On communicating with other chickens: Charlie was one of the first chickens to show me that the stereotype about these birds is wrong. Through him, I learned that chickens are, in fact, intelligent and generous and have a diverse language. Every time I would bring treats to the barnyard, Charlie would make a very specific sound to summon the ladies. The hens would come running as Charlie watched proudly while they ate. I’ve also learned that mother hens make a very specific sound to signal danger and that their babies dive under their wings when they hear it. Our chickens hang out in the barn on cold days and speak to each other in hushed tones, narrating their day and gossiping among themselves. In my experience at The Gentle Barn saving hundreds of chickens, I have seen that chickens have a highly developed language and communicate quite clearly with each other.

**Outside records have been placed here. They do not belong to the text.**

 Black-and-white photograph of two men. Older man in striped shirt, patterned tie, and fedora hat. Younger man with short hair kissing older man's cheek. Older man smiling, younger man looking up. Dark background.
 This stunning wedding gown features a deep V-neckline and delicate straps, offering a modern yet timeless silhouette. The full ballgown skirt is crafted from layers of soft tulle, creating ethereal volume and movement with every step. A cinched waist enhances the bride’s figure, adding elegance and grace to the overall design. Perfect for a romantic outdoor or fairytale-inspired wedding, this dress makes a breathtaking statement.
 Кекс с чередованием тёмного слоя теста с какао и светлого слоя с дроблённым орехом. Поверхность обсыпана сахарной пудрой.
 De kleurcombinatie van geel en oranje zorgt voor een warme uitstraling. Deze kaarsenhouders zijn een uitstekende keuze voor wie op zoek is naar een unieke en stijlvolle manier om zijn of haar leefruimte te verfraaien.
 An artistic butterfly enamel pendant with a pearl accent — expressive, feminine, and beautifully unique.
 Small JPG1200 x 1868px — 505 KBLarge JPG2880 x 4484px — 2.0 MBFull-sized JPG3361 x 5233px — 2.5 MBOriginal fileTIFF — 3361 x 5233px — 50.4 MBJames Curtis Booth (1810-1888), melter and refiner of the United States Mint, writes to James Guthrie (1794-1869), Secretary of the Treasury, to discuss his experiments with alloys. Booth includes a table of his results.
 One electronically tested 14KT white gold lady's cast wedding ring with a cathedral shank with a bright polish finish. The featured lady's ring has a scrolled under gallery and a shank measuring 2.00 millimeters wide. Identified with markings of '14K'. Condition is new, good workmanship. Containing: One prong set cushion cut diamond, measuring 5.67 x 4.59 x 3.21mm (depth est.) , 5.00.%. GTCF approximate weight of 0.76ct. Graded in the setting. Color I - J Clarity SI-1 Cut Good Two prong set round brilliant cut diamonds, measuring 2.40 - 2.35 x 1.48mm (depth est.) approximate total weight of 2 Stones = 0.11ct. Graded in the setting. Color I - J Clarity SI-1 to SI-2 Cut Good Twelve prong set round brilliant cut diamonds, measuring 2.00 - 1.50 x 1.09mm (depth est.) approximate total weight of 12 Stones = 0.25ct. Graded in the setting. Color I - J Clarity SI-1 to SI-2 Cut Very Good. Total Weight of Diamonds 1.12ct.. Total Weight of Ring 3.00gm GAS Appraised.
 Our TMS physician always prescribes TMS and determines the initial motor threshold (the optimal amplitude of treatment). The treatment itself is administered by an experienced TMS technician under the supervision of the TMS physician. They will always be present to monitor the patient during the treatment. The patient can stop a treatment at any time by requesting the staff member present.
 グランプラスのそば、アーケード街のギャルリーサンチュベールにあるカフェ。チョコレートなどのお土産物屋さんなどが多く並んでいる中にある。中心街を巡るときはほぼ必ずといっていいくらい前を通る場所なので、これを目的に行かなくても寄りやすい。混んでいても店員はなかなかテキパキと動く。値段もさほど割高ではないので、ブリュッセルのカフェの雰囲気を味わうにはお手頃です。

On being affectionate: I have known many chickens during my time at The Gentle Barn, but a few stand out as being so affectionate that their capacity to love and be loved is undeniable. I had a chicken named Strawberry who loved being held. She would fly at me when she wanted to snuggle, and I would have to drop whatever rake I was carrying to catch her. Most days I would do my chores with one arm with a happy, sleeping hen in the other. Similar to Strawberry, Ambrose was a bossy, proud rooster who also loved to be held. When he was feeling affectionate, he would peck me softly on my leg to ask to be picked up. He wanted to be carried so often, and for hours at a time, that I fashioned a baby sling to hold him while I worked in the barnyard. Finally, there’s Jasmine, who was only a few days old when we saved her from certain slaughter. She was too young to live in the barnyard without a chicken mom, so she lived in my house with me for five months. Jasmine sat in our laps when we watched TV, slept in bed with us, followed us around the house wherever we went, and sat perched on my shoulder in the car. I had an entire bedtime ritual with her in which I would sing and pet her as she fell asleep, and if I tried to cut it short, she would not go to sleep. She would sleep only if I sang the entire song and pet her for several minutes.

Ellie Laks is the founder of The Gentle Barn and author of the book My Gentle Barn, creating a sanctuary where animals heal and children learn to hope.